Depois de dois adiamentos, a instalação da CPI da Petrobras foi marcada para o meio-dia desta quarta (10). Não será instalada, contudo.

 

A exemplo do que fez na semana passada, a bancada do governo decidiu esvaziar a sessão. Na linha de frente da articulação, Aloizio Mercadante falou ao blog.

 

O líder do PT condicionou o início da investigação da Petrobras à devolução da relatoria da CPI das ONGs ao governista Ignácio Arruda (PCdoB-CE).

 

Disse que, mantido o impasse, nenhuma das duas CPIs irá adiante.

 

“Sem acordo, uma CPI, a da Petrobras, é comissão natimorta. A outra, das ONGs, fica inviabilizada porque não daremos quorum para deliberação”. Vai abaixo a entrevista:

 

 

- Por que não será instalada a CPI da Petrobras?

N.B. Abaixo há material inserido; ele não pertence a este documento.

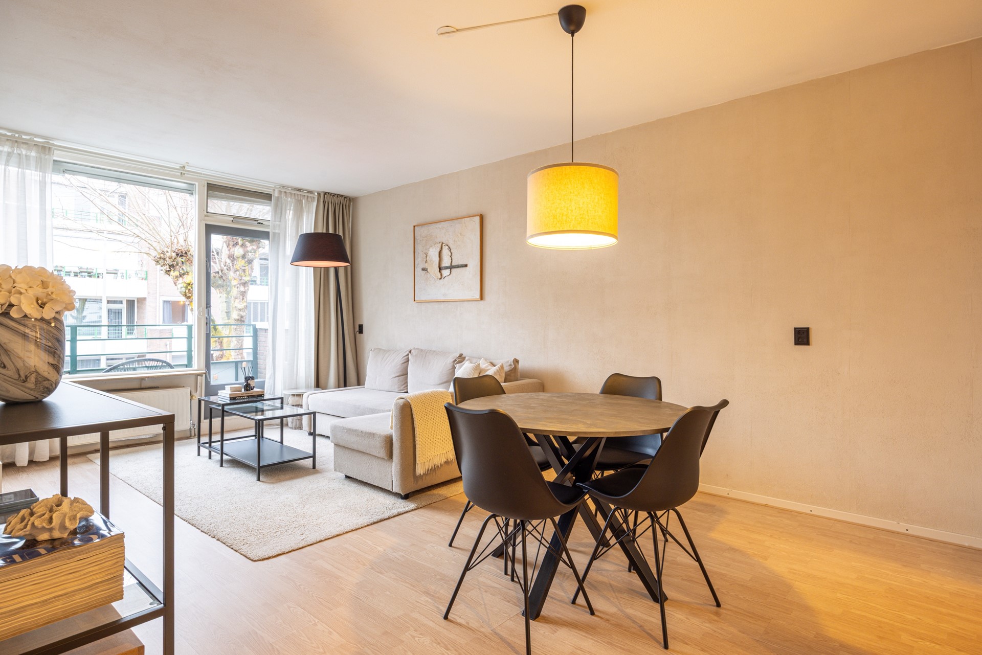 De woonkamer vormt het hart van de woning en biedt toegang tot het balkon, waar je comfortabel buiten kunt zitten. Dankzij de open indeling en het prettige daglicht voelt het appartement ruim en aangenaam aan. Met twee slaapkamers, een badkamer met ligbad en een separaat toilet is dit een fijn appartement wat zo goed als instapklaar is.

Criou-se um impasse. A oposição contribuiu decisivamente. Eles sabem que não podem fazer o estão fazendo.

- Refere-se a troca do relator da CPI das ONGs?

Sim. Fizemos um acordo. Honramos. Demos a presidência da CPI das ONGs para a oposição. Ficamos com a relatoria. O presidente era o Raimundo Colombo [DEM-SC]. No ano passado, quiseram trocar. Indicaram o Heráclito [Fortes, DEM-PI]. Elegemos novamente o presidente deles. Não é admissível que queiram afastar o relator do nosso bloco [Ignácio Arruda, PCdoB-CE], nomeando outro [Arthur Virgílio, PSDB-AM].

- Não é prerrogativa do presidente da CPI indicar o relator?

Formulamos uma questão de ordem. Cabe ao presidente responder. Se ele nega, podemos recorrer ao plenário da CPI. Em última instância, ao plenário do Senado.

- Se aceitou compartilhar o comando na CPI das ONGs, por que o governo não aceita que o presidente da CPI da Petrobras seja da oposição?

Podemos fazer acordo numa comissão e não fazer na outra. Antes da formalização da CPI, houve um acordo. Seria feita uma audiência pública com o presidente da Petrobras. O PSDB rompeu esse acordo. Temos a prerrogativa de não compartilhar o comando da comissão. Chegamos a um impasse.

-As duas CPIs ficam inviabilizadas?

Corre-se esse rico. Sem acordo, uma CPI, a da Petrobras, é comissão natimorta. A outra, das ONGs, fica inviabilizada porque não daremos quorum para deliberação.

- Estão dispostos a transigir?

Se não recuarem nas ONGs, não há como. Somos maioria. Nos oito anos de FHC eles nunca nos deram presidência ou relatoria de CPIs.

- PT e PMDB já se entenderam quanto aos nomes do relator e do presidente?

Não voltei a tratar desse assunto. Mas na hora em que recsolver o impasse das ONGs isso também se resolve.

- É verdade que sua relação com Renan Calheiros é conturbada?

Diferenças pessoais e políticas entre líderes partidários são próprias da democracia. Os meus compromissos com esse governo estão muito acima dessas diferenças. Então, vou trabalhar para superá-las.

- Lula disse que chamaria os dois para uma convera. Foi chamado?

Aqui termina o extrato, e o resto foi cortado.